FIG. 1 emphasizes connection points for a plurality of overlapping conduits between the reservoirs and the print heads. While independent conduit lines may be used to couple the reservoirs to each of the print heads, such a configuration is very inefficient for routing and retention. Actual distances between the reservoirs and heads are much longer. Also, the longest conduit lines, such as the one between the black ink reservoir 14D and the print head 18A, for example, may be sufficiently long that under some environmental conditions the ink may solidify before it reaches its target print head. Conduits must be flexibly configured and attached to one another to allow relative motion for printer operation and reasonable service access. To address these and other issues, an ink umbilical assembly, such as the umbilical assembly 20 shown in FIG. 2, has been developed. Umbilical assembly refers to a plurality of conduit groupings that are assembled together in association with a heater to maintain the ink in each plurality of conduits at a temperature different than the ambient temperature. The term conduit refers to a body having a passageway through it for the transport of a liquid or a gas. The exemplary umbilical assembly 20 described in more detail below is flexible to enable relative movement between adjacent print heads and between print heads and reservoirs.
The ink umbilical 20 of FIG. 2 includes a first grouping or set of conduits 24A, 24B, 24C, and 24D and a second set of conduits 28A, 28B, 28C, and 28D. Sandwiched between the first and the second set of conduits is a heater 30. Each set of conduits may be comprised of independent conduits that are coupled together at each end of the conduits in a set so the conduits are generally parallel to one another along the length of the ink umbilical. In another embodiment, the conduits may be extruded in a single structure as shown in FIG. 2. The conduits are preferably semi-circular to provide a relatively flat surface that facilitates the joining of the conduits to a heater as described in more detail below. This structure promotes transfer of heat into the tubes. Additionally, placing conduits on both sides of the heater makes efficient use of the heater. This configuration also provides thermal mass around the heater to improve heat spread and to reduce the likelihood of hot spots and excessively high skin temperatures behind the external insulation jacket.
Each conduit in each set of conduits is coupled at an inlet end to a color ink reservoir and at an outlet end to a print head. This enables the color conduit lines to remain grouped up to the point where they connect, which helps maintain thermal efficiency. As used herein, coupling refers to both direct and indirect connections between components. All of the outlet ends of a set of conduits are coupled to the same print head. As shown in FIG. 2, conduits 24A and 28A are coupled to the yellow ink reservoir, conduits 24B and 28B are coupled to the cyan ink reservoir, conduits 24C and 28C are coupled to the magenta ink reservoir, and conduits 24D and 28D are coupled to the black ink reservoir. Other possible combinations are, of course, possible.

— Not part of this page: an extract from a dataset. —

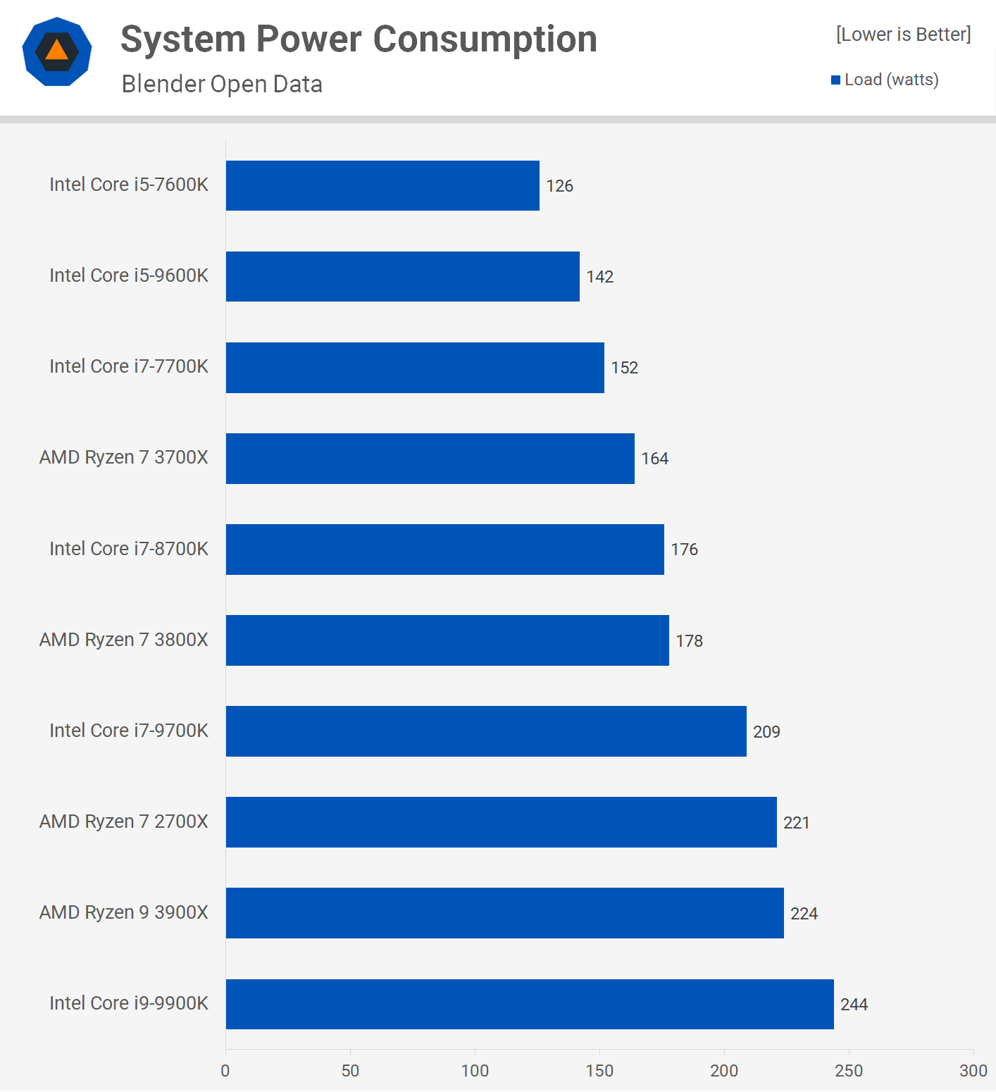 Nous constatons ici une augmentation de 9% de la consommation d’énergie, ce qui est surprenant étant donné que nous ne parlons que d’une augmentation de 2 à 3% de la fréquence de fonctionnement. Cependant, cette augmentation de fréquence s'accompagnera d'une augmentation de la tension, ce qui explique probablement pourquoi le 3800X était un peu plus gourmand en énergie que prévu.

The heater 30 includes an electrical resistance that may be in the form of a resistive heater tape or wire that generates heat in response to an electrical current flowing through the heater. The heater elements may be covered on each side by an electrical insulation having thermal properties that enable the generated heat to reach the conduits in adequate quantities to maintain melted ink in the conduits at an appropriate temperature. In one embodiment, the heater 30 is a Kapton heater made in a manner described in more detail below. Alternate heater materials and constructions, such as a silicone heater, may be used for different temperature environments, or to address cost and geometry issues for the construction of other embodiments of umbilical assemblies.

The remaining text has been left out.